On 9/10/17 14:10, Ming Lei wrote:
> On Fri, Sep 08, 2017 at 09:53:53AM -0700, Damien Le Moal wrote:
>> Ming,
>>
>> On 9/8/17 05:43, Ming Lei wrote:
>>> Hi Damien,
>>>
>>> On Fri, Sep 08, 2017 at 01:16:38AM +0900, Damien Le Moal wrote:
>>>> In the case of a ZBC disk used with scsi-mq, zone write locking does
>>>> not prevent write reordering in sequential zones. Unlike the legacy
>>>> case, zone locking can only be done after the command request is
>>>> removed from the scheduler dispatch queue. That is, at the time of
>>>> zone locking, the write command may already be out of order.
>>>
>>> Per my understanding, for legacy case, it can be quite tricky to let
>>> the existed I/O scheduler guarantee the write order for ZBC disk.
>>> I guess requeue still might cause write reorder even in legacy path,
>>> since requeue can happen in both scsi_request_fn() and scsi_io_completion()
>>> with q->queue_lock released, meantime new rq belonging to the same
>>> zone can come and be inserted to queue.
>>
>> Yes, the write ordering will always depend on the scheduler doing the
>> right thing. But both cfq, deadline and even noop do the right thing
>> there, even considering the aging case. The next write for a zone will
>> always be the oldest in the queue for that zone, if it is not, it means
>> that the application did not write sequentially.
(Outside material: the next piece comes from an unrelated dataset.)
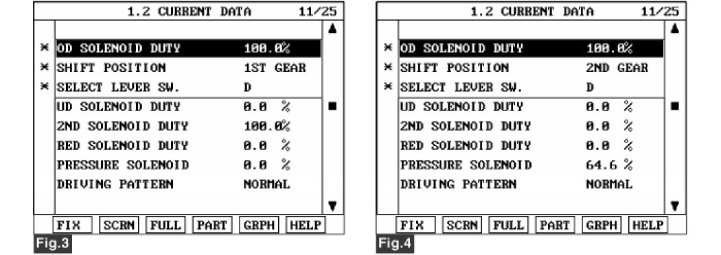 5. Does "OD SOLENOID DUTY " follow the referance data?
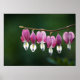 A photograph of an Old Fashion Bleeding Heart branch, with pink dainty heart shaped flowers.

Extensive testing in
>> the legacy case never showed a problem due to the scheduler itself.
> 
> OK, I suggest to document this guarantee of no write reorder for ZBC
> somewhere, so that people will keep it in mind when trying to change
> the current code.

Have you looked at the comments in sd_zbc.c ? That is explained there.
Granted, this is a little deep in the stack, but this is after all
dependent on the implementation of scsi_request_fn(). I can add comments
there too if you prefer.

>> scsi_requeue_command() does the unprep (zone unlock) and requeue while
>> holding the queue lock. So this is atomic with new write command
>> insertion. Requeued commands are added to the dispatch queue head, and
>> since a zone will only have a single write in-flight, there is no
>> reordering possible. The next write command for a zone to go again is
>> the last requeued one or the next in lba order. It works.
> 
> One special case is write with FLUSH/FUA, which may be added to
> front of q->queue_head directly. Suppose one write with FUA is
> just comes between requeue and run queue, write reorder may be
> triggered.

Zoned disks are recent and all of them support FUA. This means that a
write with FUA will be processed like any other write request (if I read
the code in blk-flush.c correctly). Well, at least for the mq case,
which does a blk_mq_sched_insert_request(), while the direct call to
list_add_tail() for the legacy case is suspicious. Why not
blk_insert_request() ? This may be a problem, but all the testing I have
done on the legacy path never hit this one. The reason is I think that
the two in-kernel users of zoned devices (f2fs and dm-zoned) do not use
REQ_FUA, nor issue flush requests with data.

> If this assumption is true, there might be such issue on blk-mq
> too.

For the same above reason, I think blk-mq is OK too. But granted, this
seems all a little brittle. I will look into this case more carefully to
solidify the overall support.

Thank you for your comments.

-- 
Damien Le Moal,
Western Digital